As mentioned above, GIS has been applied to show the changes being seen in the environment over time. Since this mapping technology allows us to input data and see resulting changes, GIS can help by pinpointing the causes and forecasting the level of change we will see in the future. With this data, scientists, politicians and activists can make recommendations for ways to protect crucial parts of the landscape and environment as well as help inform others of how climate change is affecting our planet.
Another way GIS application aids in decision making is by helping policy-makers understand changes happening in districts. For example, a map showing the student to teacher ratios across a city can help determine where funds go, where more teachers should be hired, and how to support families most effectively with available resources. The same goes for mapping where the majority of financial help goes across a district to understand what the families may be dealing with and develop strategies that will increase the success of students in those areas. Without this information the policy-makers would be operating with less of an understanding about what is needed in the areas they are responsible for.

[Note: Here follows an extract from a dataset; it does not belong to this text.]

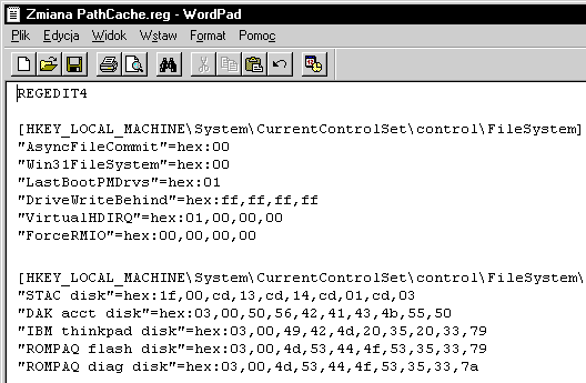 Wprowadzanie danych do Rejestu w środowisku Windows jest proste: wystarczy kliknąć plik *.REG i już dane są zaimportowane.

As mentioned above, another key way GIS can be used in decision making is with crime survey. When police departments know the scope of crime in a particular neighborhood, they can dedicate forces to that area and help diminish crime. By tracking where arrests take place and what types of arrests are happening, the police department has the potential of understanding where points of specific interest are. Much like the hand pump that stopped the cholera outbreak in 1854, police can stop the key players and shut down the key locations for crime by analyzing data with the help of GIS applications.
GIS for You
Today’s world of digital mapmaking provides resources for creating your own, customized map of information and for applying today’s GIS technology. These can be the tools you need to communicate progress to your colleagues or business partners to help them make decisions as well as see and understand important information for your projects.
Whether you are operating in the business fields of real estate and marketing and need to show information about the areas your clients are interested in, or you work with public health and disease prevention and want to illustrate your findings and results of case studies, or if you are part of an urban planning committee and want to illustrate zoning, emergency response procedures or tax assessments for decision making, GIS applications can be the answer to how you can present your data in a highly understandable and effective way.